Chestnut continued his career at the power company. Part of his responsibilities was contract management for his company’s stake in the Edwin I. Hatch Nuclear Generating Station. His last position placed him as Program Manager of Performance Reliability for eight power plants: five combustion turbine, two combined-cycle, and one hydroelectric. “We dealt with many partners. We did trending and analysis to find the root-causes of outages in order to solve and prevent re-occurrences. Reducing outages helped improve customer service and added money to our bottom line.”
“And then?” I asked.
“Little things started adding up.” These little things lifted his dream of a career in financial services from the corner of his heart to actively planning a path. “There was this one particular thing, actually, one of the most important of many little things.
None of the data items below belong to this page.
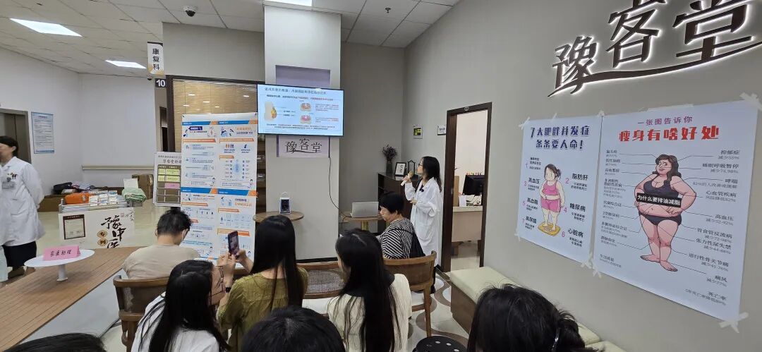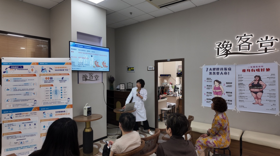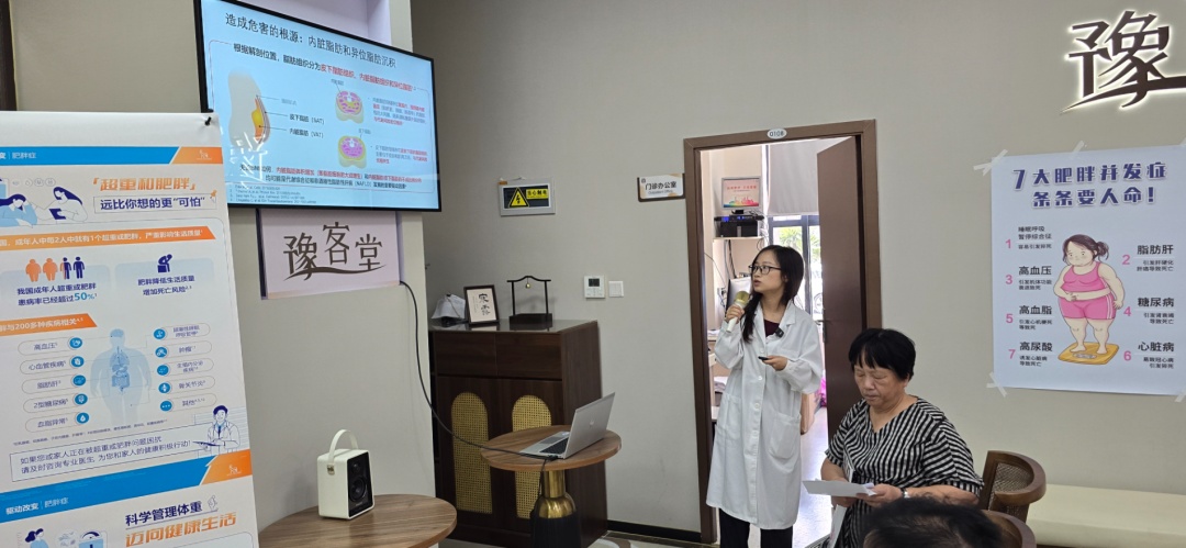 活动现场设在豫园街道社区卫生服务中心一楼。闻讯而来的居民早早落座,等待上海交通大学医学院附属第九人民医院专家的科普讲座。九院内分泌科主治医师陈颖超首先以《带您科学认识肥胖与健康》为主题展开科普。陈医生运用生动形象的案例、通俗易懂的语言,深入剖析了肥胖作为一种复杂的慢性疾病,是如何常与口腔健康问题、代谢异常等多种因素相互关联、相互作用的。居民们听得全神贯注,不时点头表示认同,有的还认真做着笔记。
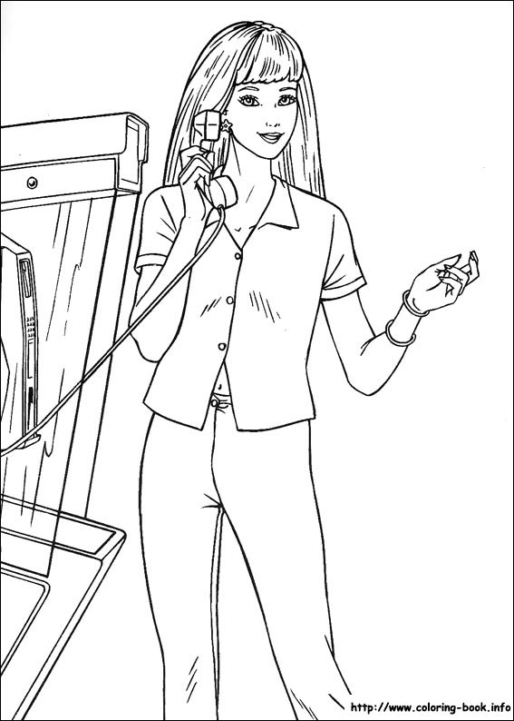 Descriere: Barbie este o fire prietenoasa asa ca-si petrece mult timp vorbind la telefon cu prietenii ei. coloreaza plansa cu Barbie vorbind la telefon.
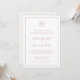Invitación simple a la boda con su monograma en un círculo en la parte superior y los detalles de su boda rodeados de un borde delgado. Sus nombres están en una elegante letra manuscrita. Todos los elementos de diseño son de color rosa rosa polvoriento sobre un fondo blanco y pueden cambiarse en la herramienta de edición de diseño. El diseño clásico y tradicional hace que esta invitación sea ideal para un boda formal.

I wore this Polo shirt into the grocery store one day. It had the logo of a financial services company. I had gotten it after playing golf with my academic adviser and a friend of his in the industry. The cashier asked me questions about finding someone to help save for her son’s college.
Shortly after that, “I went into three months of meditation looking for a transition. At the end of that three months, I met the managing director of the company for which I now work. I looked at other companies.” It was a close-up view from outside-in that brought Chestnut to Northwestern Mutual. “The managing director and I had some key interactions before joining. One of them was sitting in a sales team meeting before making the decision to come aboard. I felt that the company had a soul and was very conscientious about its clients. I wanted to be a part of that… a company really helping clients make good decisions.”
Not that Chestnut needs any affirmation for me. But, as explanations go: to pursue a long held passion for a personal approach to help others have better outcomes with financial assets – I nod,smile, and shut my laptop computer thinking, That’s a very good reason, #motivated.